ID rows containing values greater than corresponding values based on a criteria from another row - pandas

I have a grouped dataframe. I have created a flag that identifies if values in a row are less than the group maximums. This works fine. However I want to unflag rows where the value contained in a third column is greater than the value in the same (third) column within each group. I have a feeling there shoule be an elegant and pythonic way to do this but I can't figure it out.
The flag I have shown in the code compares the maximum value of tour_duration within each hh_id to the corresponding value of "comp_expr" and if found less, assigns "1" to the column flag. However, I want values in the flag column to be 0 if min(arrivaltime) for each subgroup tour_id > max(arrivaltime) for the tour_id whose tour_duration is found to be maximum within each hh_id. For example, in the given data, tour_id 16300 has the highest value of tour_duration. But tour_id 16200 has min arrivaltime 1080 which is < max(arrivaltime) for tour_id 16300 (960). So flag for all tour_id 16200 should be 0.
Kindly assist.
import pandas as pd
import numpy as np
stops_data = pd.DataFrame({'hh_id': [20044,20044,20044,20044,20044,20044,20044,20044,20044,20044,20044,20122,20122,20122,20122,20122,20122,20122,20122,20122,20122,20122,20122,20122,],'tour_id':[16300,16300,16100,16100,16100,16100,16200,16200,16200,16000,16000,38100,38100,37900,37900,37900,38000,38000,38000,38000,38000,38000,37800,37800],'arrivaltime':[360,960,900,900,900,960,1080,1140,1140,420,840,300,960,780,720,960,1080,1080,1080,1080,1140,1140,480,900],'tour_duration':[600,600,60,60,60,60,60,60,60,420,420,660,660,240,240,240,60,60,60,60,60,60,420,420],'comp_expr':[1350,1350,268,268,268,268,406,406,406,974,974,1568,1568,606,606,606,298,298,298,298,298,298,840,840]})

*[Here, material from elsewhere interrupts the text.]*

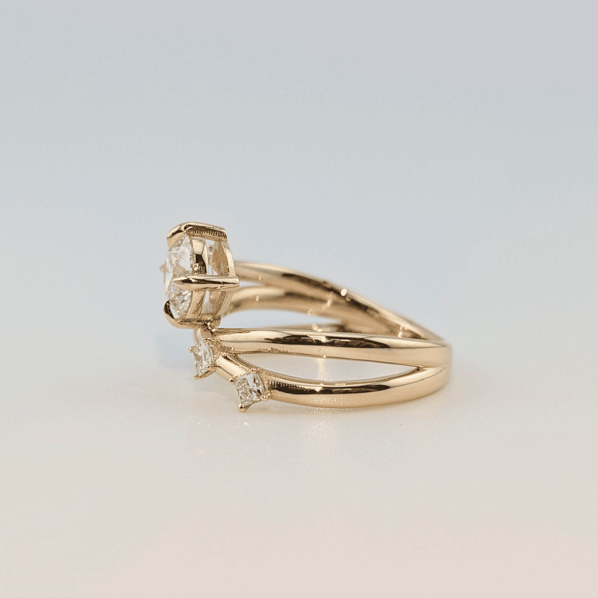 Radiate elegance with the Phoenix Brilliance Engagement Ring from Jewel Nests — a true symbol of modern sophistication. This lab grown diamond engagement ring features a brilliant round cut center diamond gracefully set on a unique gold spiral band, beautifully accented with princess-cut side diamonds. Handcrafted in 14K or 18K solid yellow, white, or rose gold, this design blends artistic craftsmanship with sustainable luxury.

stops_data['flag'] = np.where(stops_data.groupby(['hh_id'])
['tour_duration'].transform(max) < stops_data['comp_expr'],0,1)
This is my current output:Current dataset and output
This is my desired output, please see flag column: Desired output, see changed flag values in bold

>>> stops_data.loc[stops_data.tour_id
.isin(stops_data.loc[stops_data.loc[stops_data
.groupby(['hh_id','tour_id'])['arrivaltime'].idxmin()]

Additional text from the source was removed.